Of Iona’s political fortunes the story is brief, the most interesting point to an American being that, when oppression and the severe conditions made life here undesirable or scarcely possible, the people emigrated. From the hardy race, inhabiting this and other of the Western Isles, the United States received a noble contingent, to enrich its grand composite of humanity.
We spent some time in the cemetery called “the Burial Place of Kings,” which is reputed to contain the dust of forty-eight Scottish, four Irish, and eight Danish and Norwegian monarchs, besides many monumental stones. The number of crosses set up on Iona was nearly equal to that of the days of the year. These were standing, up to Reformation times, when most of them were thrown into the sea by order of the Synod of Argyl. Yet a few still remain. The finest are the Maclean’s cross and St. Martin’s cross, both being almost perfect in form, despite centuries of weathering. Both are richly carved with runic inscriptions, emblematic devices, and fanciful scroll-work.
It was certainly a brain stimulant and a heart-warmer to ramble among these ruins. Imagination re-created the scenes in those ancient days when the light of the gospel was brought by a saintly man filled with the spirit of Jesus. We realized, in measure at least, how great was his work and how far-reaching was his influence in winning men to Christ, before Latin and Germanic disputes for mastery had divided the Christian Church. Columba’s coming quickly changed the landscape of pagan Scotland. First in the cities and then in almost every village, the cross, symbol of the sacrificial death of Him who came to give life more abundantly, arose, first in wood and then in enduring stone. The savage people, whose passions and appetites had so closely allied them to the brutes, were transformed and uplifted.
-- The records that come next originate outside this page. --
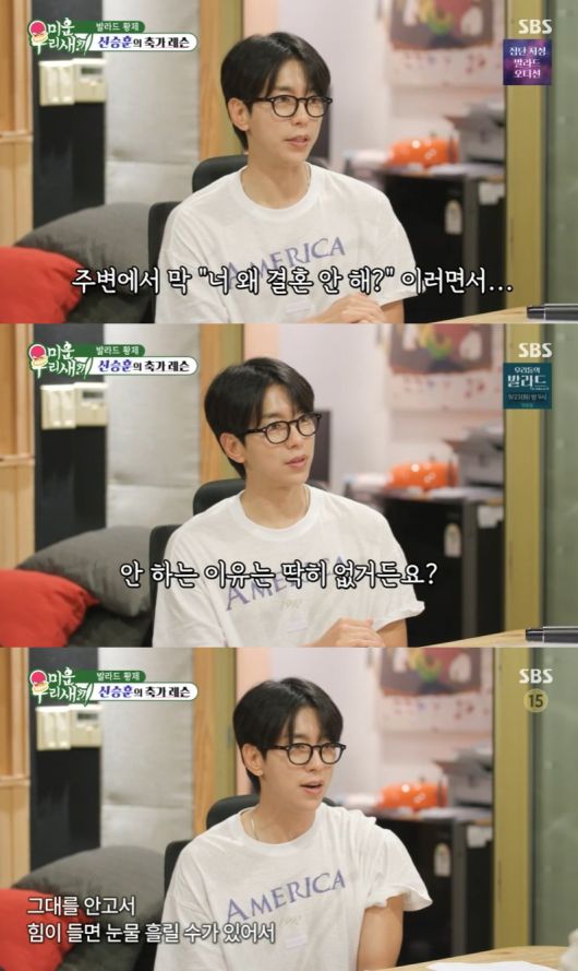 그러자 신승훈은 "'신승훈이 축가를 부르면 잘 산다'는 소문이 있다. 진짜 다 잘 살고 있다 나만 이러고 (미혼) 이다"라고 토로해 웃음을 자아냈다.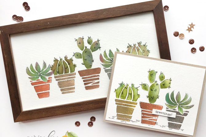Hi friends, I’m back today with a couple of projects I created for and am sharing on the Magenta Style blog. I used one of their stencils called Cactus Trio to create a card as well as a picture for a frame.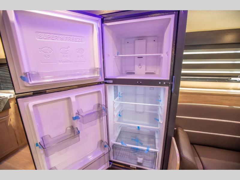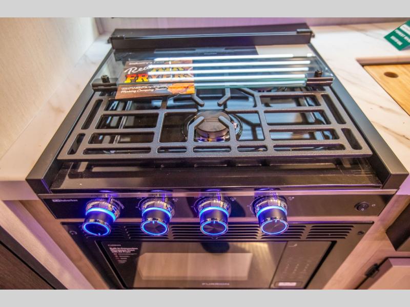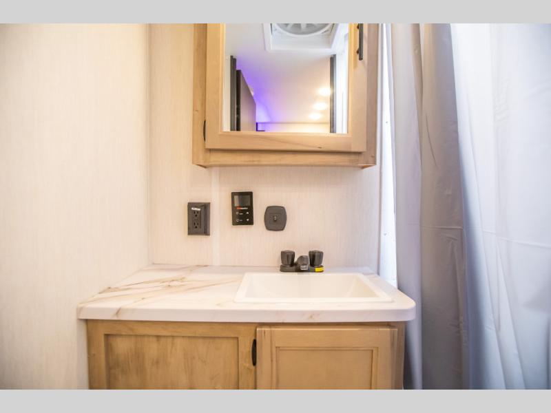 You will love traveling with this Cherokee Grey Wolf in tow. This is a great unit for a couple or family as the booth dinette and sofa can both be used for added sleeping for children or quests if needed. There is a comfortable RV king bed up front that you will love for a great night's rest with storage space in nightstands and wardrobes for your clothing and things on either side of the bed. A cooktop and air fryer is available for cooking inside, and the rear corner bath includes a tub/shower, toilet and sink. A nice 15' awning creates more outdoor living space to enjoy protected from the elements both day and night with an LED light strip for after dark. You can also add a TV on the exterior as it has an outside TV mount.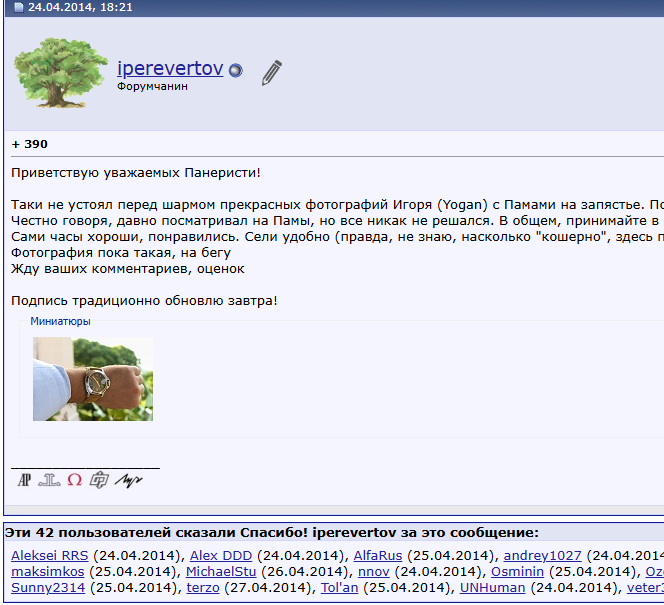 Таки не устоял перед шармом прекрасных фотографий с Памами на запястье. Подвернулась возможность заказать новые 390-е по очень приятной цене. Не устоял..) Честно говоря, давно посматривал на Памы, но все никак не решался. В общем, принимайте в ряды счастливых обладателей! Сами часы хороши, понравились. Сели удобно (правда, не знаю, насколько "кошерно", здесь просьба откомментировать). Больше всего нравится цвет циферблата - непередаваемо красивый, постараюсь поймать в кадр. Стрелки - тоже кайф, красиво отражают свет.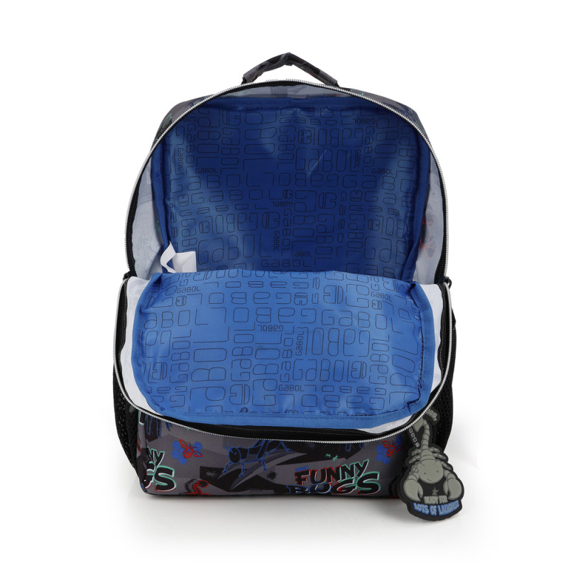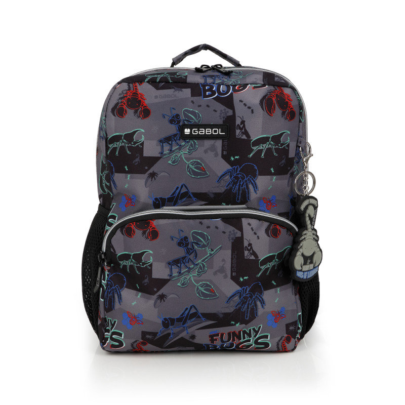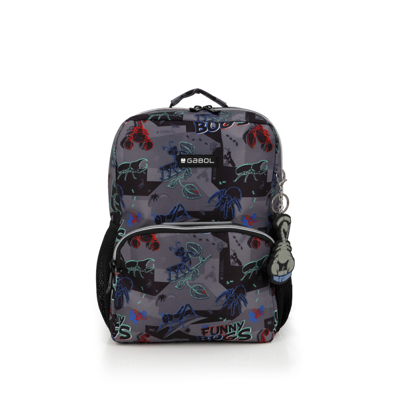 Mochila pequeña Gabol BUGS. Fabricada en poliéster. Resistente al agua. Cuenta con espalda acolchada, identificador y elementos reflectantes. Medidas: 25x33x12cm.
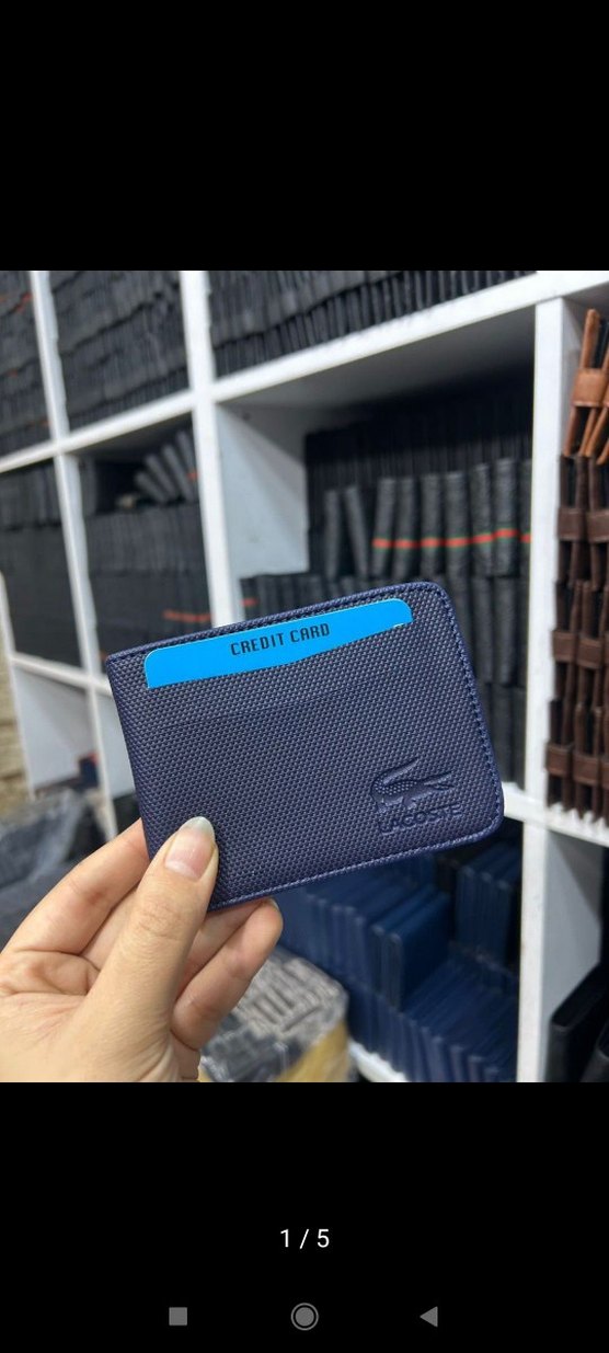 Lacivert renkli, baskılı dokulu erkek cüzdanı. Önünde 'CREDIT CARD' yazılı bir kart yuvası ve Lacoste logosu bulunur. İş ve sokak stilini birleştirir.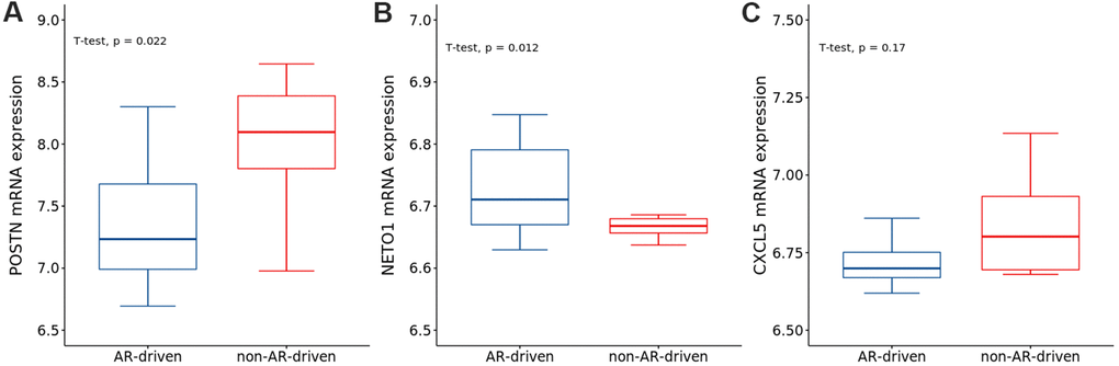 To explore the correlations between AR and the identified genes, we compared the expression of genes in the AR- and non-AR-driven groups using the GEO dataset (GSE101607). Our results showed that POSTN was significantly overexpressed in non-AR compared with AR-driven samples (Figure 9A), consistent with the findings of Cattrini et al. [26]. NETO1 was overexpressed in AR-driven samples (Figure 9B). Although we did not detect any association between the expression of CXCL5 and AR (Figure 9C), AR signaling has been reported to promote PRAD progression via modulation the AKT-NF-κB-CXCL5 signaling [10].

In time the children of the first hearers of the gospel message were converted, not only outwardly to the acceptance of creeds,—which in their scholastic form they could not at first understand,—not only to symbols, which are ever but the shadows of eternal truths, but were inwardly transformed in the renewing of their minds. Gradually they became so changed in heart and life that we, after having seen Christianity in very many of its varied ethnic forms, and met its exemplars in lands not a few, cannot but feel that in the home, the school, and the church, there is no land on earth in which Christianity is more genuine than in Scotland. Between Columba’s homilies and “The Cotter’s Saturday Night” long centuries were to pass slowly away. Nothing in literature, or art, or history, or statistics, furnishes so true a picture of the leavening of a whole nation, or illustrates more finely the truth that among believers, even the common people may be “kings and priests unto God,” than this poem of Burns. It is a revelation of “Old Scotia’s grandeur.”